The potential of speech technology to improve educational outcomes has been a topic of great interest in recent years. For example, automatic speech recognition (ASR) systems could be employed to provide kindergarten-aged children with real-time feedback on their literacy and pronunciation as they practice reading aloud. Within these systems, speaker identification (SID) technology could additionally be used to identify the user’s speaker characteristics in order to ensure that they receive age, language, and dialect-appropriate feedback. While these technologies are more established for well-represented groups in STEM (ie. able-bodied, adult, first-language speakers of mainstream dialects), they give much worse performance for underrepresented groups (young children, speakers of non-mainstream dialects, people with speech-related disabilities, etc.). This work focuses on improving speech technology performance for children’s speech and African American English (AAE) dialect speech with the goal of creating more equitable outcomes in early education. The contributions of this work span three primary areas: 1) Dialect identification and density scoring, 2) data augmentation for speech recognition, and 3) Natural Language Processing for fair and inclusive automatic speech assessment.

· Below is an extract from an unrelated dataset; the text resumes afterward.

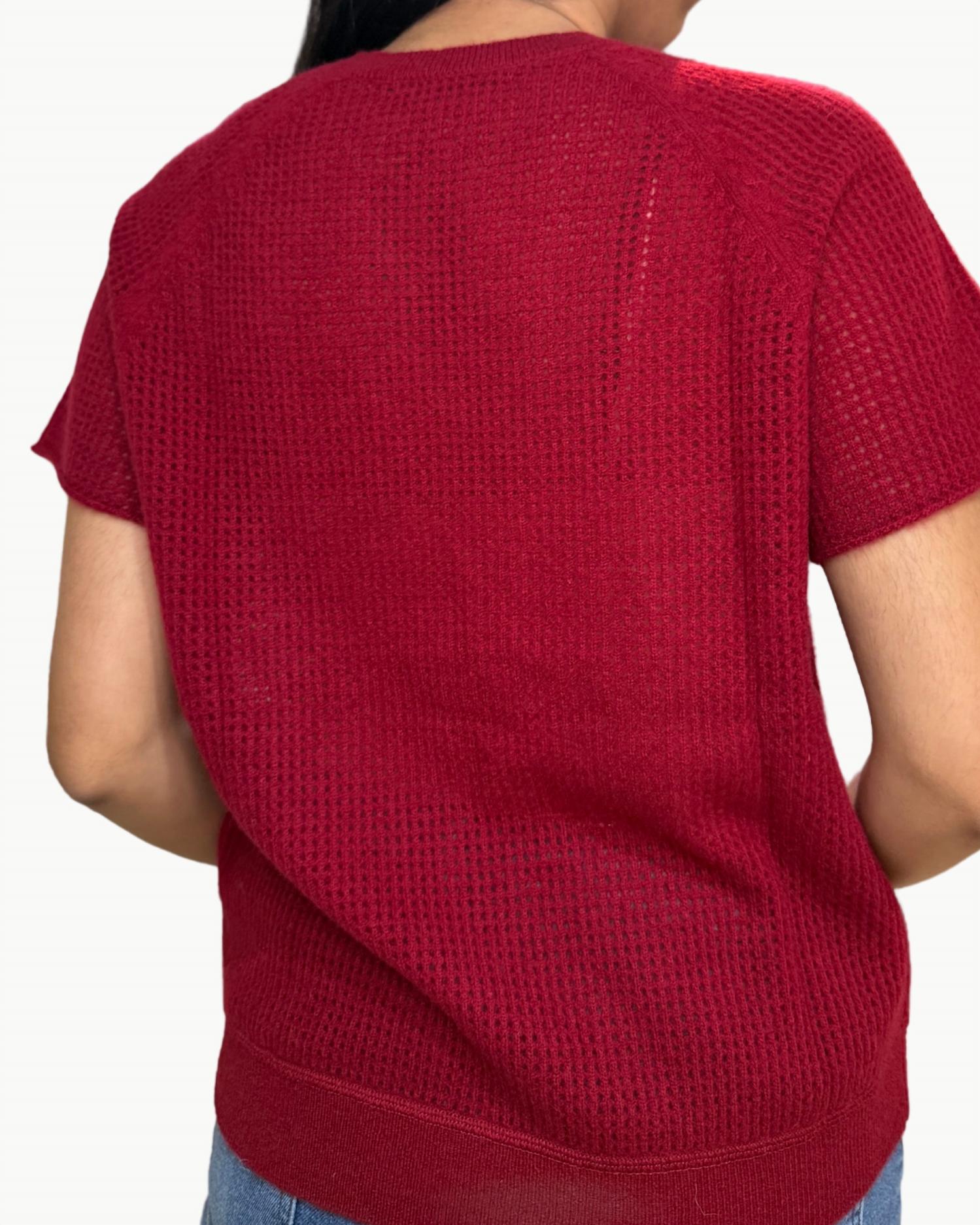 Embrace the luxury of the Short Sleeve Clover Sweatshirt by Brazeau Tricot in a rich claret hue. This sweatshirt features short sleeves, crafted from 100% cashmere, offering a textured and ultra-soft feel that is perfect for effortless layering throughout the seasons. Designed with a relaxed fit and timeless crewneck, it is a versatile piece for stylish travel, embodying a chic nod to 90s fashion. Made for women, this pull-on sweater does not include pockets and offers comfort without the need for specific wash instructions. Model is 5'4" wearing a size S.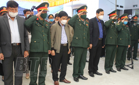 Đại diện các sở, ngành của tỉnh, Huyện ủy, HĐND, UBND huyện Vũ Thư, cấp ủy, chính quyền, nhân dân xã Hòa Bình dâng hương tưởng nhớ liệt sĩ Phạm Đình Nhạ.

First, we create a robust system for dialect identification of African American English for both children and adult's speech. This system aims to take an input utterance from a speaker of either African American English or Mainstream American English and determine which of the two dialects the utterance belongs. The system fuses features from paralinguistics, self-supervised learning representations, automatic speech recognition system outputs, prosodic contours, and other descriptors of the speech signal in order to learn a mapping from the input acoustic information to a dialect classification decision. We further explore this architecture in automatic dialect density estimation, a task we create and develop. In dialect density scoring, we train a system to automatically predict a speaker's frequency of usage of dialect-specific patterns. This information can then be passed to a speech recognition system for more dialect-informed processing.

Second, we develop a data augmentation algorithm to improve zero-shot and few-shot speech recognition of low-resource dialects. The algorithm, named LPCAugment, deconstructs an input speech signal into a source and filter representation using linear predictive coding (LPC) analysis. The poles of the filter representation can then be perturbed independently of the source representation in order to model formant shifts that may be seen across accents and dialects. We use this perturbation method to artificially generate speech samples with shifted formant locations to serve as additional training data for a speech recognition system. This speech recognition system is then evaluated on children's speech for child speakers of a Southern California dialect and child speakers of an Atlanta, Georgia, area dialect.

Third, we explore automatic analysis and scoring of speech recognition transcripts for educational assessments. Given information about a student's spoken dialect and automatically generated transcripts of their oral response to an assessment prompt, we train a system to automatically grade the quality of the response with respect to a pre-determined criterion. This system uses language modeling and spoken information retrieval to identify key features in the spoken response and holistically decide if the response aligns with the grading criteria. Combined, the steps in this work form a framework for inclusive spoken language understanding technology that can be used to perform provide students with dialect-appropriate language training or language assessment.